Personality plays a large role in many different careers - it's no difference in the medical world. If you have a good personality, patients often like you better and think you're a better doctor. Similarly, if other medical colleagues get along with you well, they usually think more highly of you as a clinician. This all leads to more referrals, by patients and doctors alike. I think personality is supremely important in a doctor, and certainly is part of being a good doctor - you don't want a clinician who is callous or unfeeling, or someone who does not deliver bad news well.

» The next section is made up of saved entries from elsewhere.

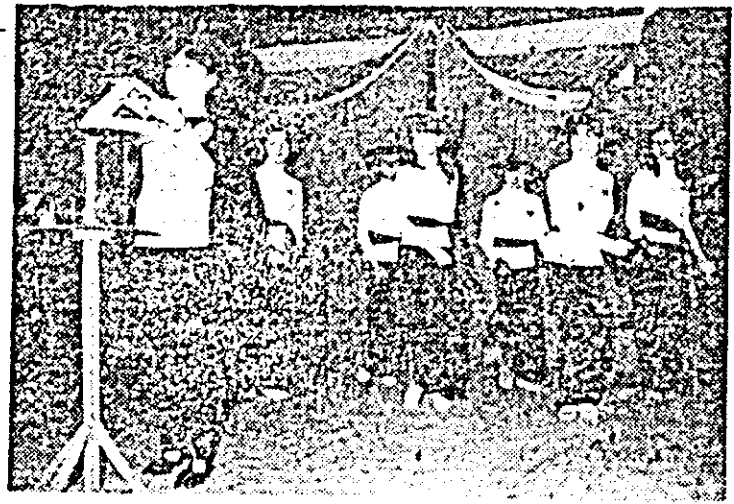
Pe scenă — brigada Școlii generale nr. 11 Arad.

interpretativă înaltă, un puternic mesaj patriotic și revoluționar transmis prin diferitele programe prezentate. În acest sens, se poate vorbi în termeni de apreciere despre răspunderea și seriozitatea cu care consiliile de conducere ale școlilor, organizațiile de pionieri și de U.T.C. din școli au abordat participarea elevilor lor la marea manifestare a muncii și creației care este Festivalul național „Cîntarea României”. Cu nimic mai prejos au fost calitatea și efortul organizatoric al Consiliului județean al Organizației pionierilor, al Comitetului județean U.T.C. Arad, care s-au străduit să ofere condiții optime bunei desfășurări a întrecerii sub toate aspectele. Jurile prezente au ales de-acum pe cei mai buni dintre cei buni. Cel 950 de artiști amatori laureați ai premiilor I care vor reprezenta județul nostru la Jaza pe țară vor trebui în continuare să dea o atenție deosebită pregătirii lor, afirmării și pe această cale a talentului lor, a elanului și pasiunii lor artistice”.
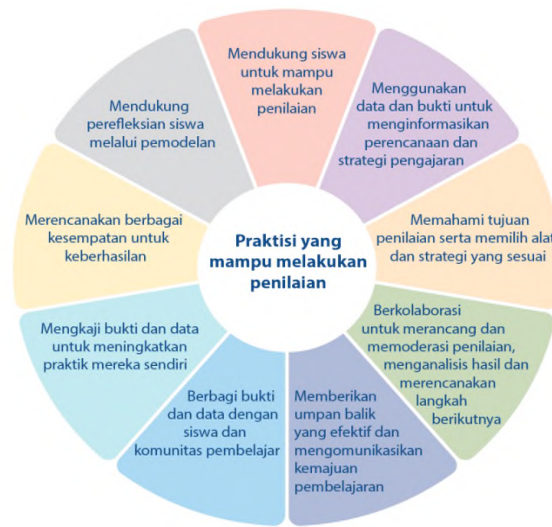
Gambar 2. Praktisi yang Mampu Melakukan Penilaian

Validitas yang digunakan dalam penelitian ini adalah validitas konstruk, yaitu menggunakan pendapat dari para ahli yaitu dua guru Bahasa Inggris SD dan SMP sekolah YPJ Kualan Kencana dan satu guru Bahasa Inggris SD sekolah YPJ Tembapapura untuk melihat dan menilai instrumen yang sudah dikonstruksi oleh peneliti yang diambil dari aspek-aspek yang akan diukur berdasarkan teori-teori tertentu yaitu: kemampuan pemahaman berbahasa Inggris dan sistem penilaian. Variabel sistem penilaian diukur dengan angket dengan 15 butir pertanyaan “Sistem penilaian dalam Bahasa Inggris”, menggunakan skala Likert interval 1 sampai 3 dengan jawaban Ya, Kadang-kadang, Tidak. Uji Validitas \alpha = 0,05 ; df = 43-2 = 41 r\text{-tabel} = 0,2542 . Nilai Corrected Item-Total Correlation pada semua butir pertanyaan lebih dari 0,2542 maka butir-butir pertanyaan tersebut valid. Uji Reliabilitas Nilai Cronbach’s Alpha = 0,973 > 0,70 maka butir-butir pertanyaan tersebut reliabel.
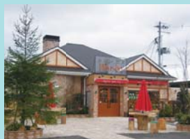
石窯パン工房 パンセ 福室店 様 宮城県仙台市宮城野区中野1-4-10
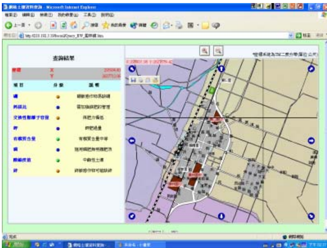
圖四、單點網格土壤資料查詢及肥培管理建議顯示。
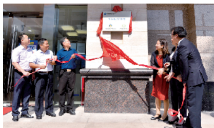
■广东首个“善融扶贫港湾”揭牌启用。

However, personality is not everything. I think many good clinicians often lack in the personality area, or at least the empathy/sympathy area simply because they are too busy. And unfortunately, many times patients will label them as bad doctors because they don't like their attitude or the way they present themselves. I think that's totally valid, but I also think sometimes patients may be losing out on very good care because they may be too demanding and not understanding enough of their doctors.

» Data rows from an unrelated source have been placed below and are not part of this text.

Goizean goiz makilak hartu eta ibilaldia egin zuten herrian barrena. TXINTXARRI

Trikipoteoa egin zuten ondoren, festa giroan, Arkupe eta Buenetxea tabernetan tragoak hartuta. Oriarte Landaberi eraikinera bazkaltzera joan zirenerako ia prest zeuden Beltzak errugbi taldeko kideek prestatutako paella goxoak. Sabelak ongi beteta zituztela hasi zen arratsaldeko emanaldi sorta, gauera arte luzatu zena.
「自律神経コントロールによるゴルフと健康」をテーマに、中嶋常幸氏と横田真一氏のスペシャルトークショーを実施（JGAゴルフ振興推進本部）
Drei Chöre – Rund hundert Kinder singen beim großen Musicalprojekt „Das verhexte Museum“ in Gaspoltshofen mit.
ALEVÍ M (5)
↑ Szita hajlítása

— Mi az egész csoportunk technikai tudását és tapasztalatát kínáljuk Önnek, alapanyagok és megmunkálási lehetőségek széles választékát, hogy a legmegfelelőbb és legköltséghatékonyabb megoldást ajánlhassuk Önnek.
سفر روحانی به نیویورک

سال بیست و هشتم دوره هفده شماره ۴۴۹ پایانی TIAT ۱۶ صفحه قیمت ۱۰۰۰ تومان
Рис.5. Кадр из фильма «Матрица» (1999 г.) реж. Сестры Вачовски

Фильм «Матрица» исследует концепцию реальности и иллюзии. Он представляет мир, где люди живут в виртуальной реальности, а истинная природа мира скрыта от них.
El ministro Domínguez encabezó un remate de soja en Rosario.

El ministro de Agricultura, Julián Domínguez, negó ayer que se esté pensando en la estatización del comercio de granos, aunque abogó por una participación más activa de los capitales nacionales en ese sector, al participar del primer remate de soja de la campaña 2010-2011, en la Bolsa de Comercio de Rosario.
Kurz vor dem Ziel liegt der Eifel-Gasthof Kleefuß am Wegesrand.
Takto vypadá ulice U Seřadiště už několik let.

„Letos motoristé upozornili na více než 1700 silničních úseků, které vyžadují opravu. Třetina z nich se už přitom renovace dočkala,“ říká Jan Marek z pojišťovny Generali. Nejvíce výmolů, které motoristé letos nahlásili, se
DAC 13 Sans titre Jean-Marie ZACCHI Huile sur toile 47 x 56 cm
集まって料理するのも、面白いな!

I think it's even worse when other medical professionals assume that someone is a good doctor just because they get along with them well, or that person has a good personality. I've met plenty of people who I like to hang out with, but who I don't necessarily thing are the best clinicians. I don't necessarily think they're horrible, or even bad, but some people think they're great because they are really easy and fun to get along with, and I just think they're ok clinicians. I think that first and foremost, a doctor has to be a good clinician (making good clinical decisions, etc) and then secondly, should be empathetic and have good relationships with his patients. If the doctor can do both well, then that's great, but the first characteristic is the most important.

Wednesday, January 9, 2013

Comfort Zone

One thing I've run across lately are a lot of radiology reports that seem to make statements or recommendations that are a little, well, off. First, let me make clear - my field is radiation oncology, NOT radiology. Another thing that I have to make clear is that in most cases, the radiologist that looks at images from a CT scan, MRI, ultrasound (etc.) never meets the patient, and often doesn't know their clinical history.

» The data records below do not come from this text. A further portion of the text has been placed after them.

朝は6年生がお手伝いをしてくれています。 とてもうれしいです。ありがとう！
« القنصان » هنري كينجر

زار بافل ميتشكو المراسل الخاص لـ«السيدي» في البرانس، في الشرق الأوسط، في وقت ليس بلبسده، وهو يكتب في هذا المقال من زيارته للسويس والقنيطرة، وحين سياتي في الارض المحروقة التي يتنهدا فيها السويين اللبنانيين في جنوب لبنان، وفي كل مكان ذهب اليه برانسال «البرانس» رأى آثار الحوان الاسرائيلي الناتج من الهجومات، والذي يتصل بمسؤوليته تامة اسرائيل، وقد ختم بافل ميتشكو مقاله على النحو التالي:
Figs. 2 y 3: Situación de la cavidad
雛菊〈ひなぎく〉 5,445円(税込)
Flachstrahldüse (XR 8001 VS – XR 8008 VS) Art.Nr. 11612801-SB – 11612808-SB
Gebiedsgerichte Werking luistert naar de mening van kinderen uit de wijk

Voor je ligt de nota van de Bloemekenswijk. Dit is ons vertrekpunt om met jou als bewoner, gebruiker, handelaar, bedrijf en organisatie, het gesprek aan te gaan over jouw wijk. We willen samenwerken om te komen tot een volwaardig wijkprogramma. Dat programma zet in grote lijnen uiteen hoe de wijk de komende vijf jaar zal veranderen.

So why is it that I often read in radiology reports things like, "fibrosis and scarring consistent with radiation-induced pneumonitis"??? Sometimes the patient hasn't even had radiation! Moreover, pneumonitis is a clinical diagnosis, not just a radiologic one. In a day and age when patients can access their own results, including radiology reports (which I am in favor of), this can be very dangerous to claim. And sometimes downright wrong.

Another thing that happens is that in the report, it reads something like, "5 mm area of enhancement not clearly imaged by CT. Recommend follow-up with CT in 6 months," or "Recommend additional MRI study." I find that it's interesting they can recommend this without even knowing the clinical situation. For example, what if the patient had some clinical condition that easily explained the imaging abnormality, but now because of this report, it's almost necessary to order this additional (and sometimes costly) test. If the reports said something like, "based on clinical scenario and judgment of the ordering physician, a follow-up CT scan may be indicated," I think everyone would be much happier.

Just to give an example - I certainly do not tell a cardiologist how to prescribe or dose anti-hypertensive medications. I expect other specialties to respect the same boundaries.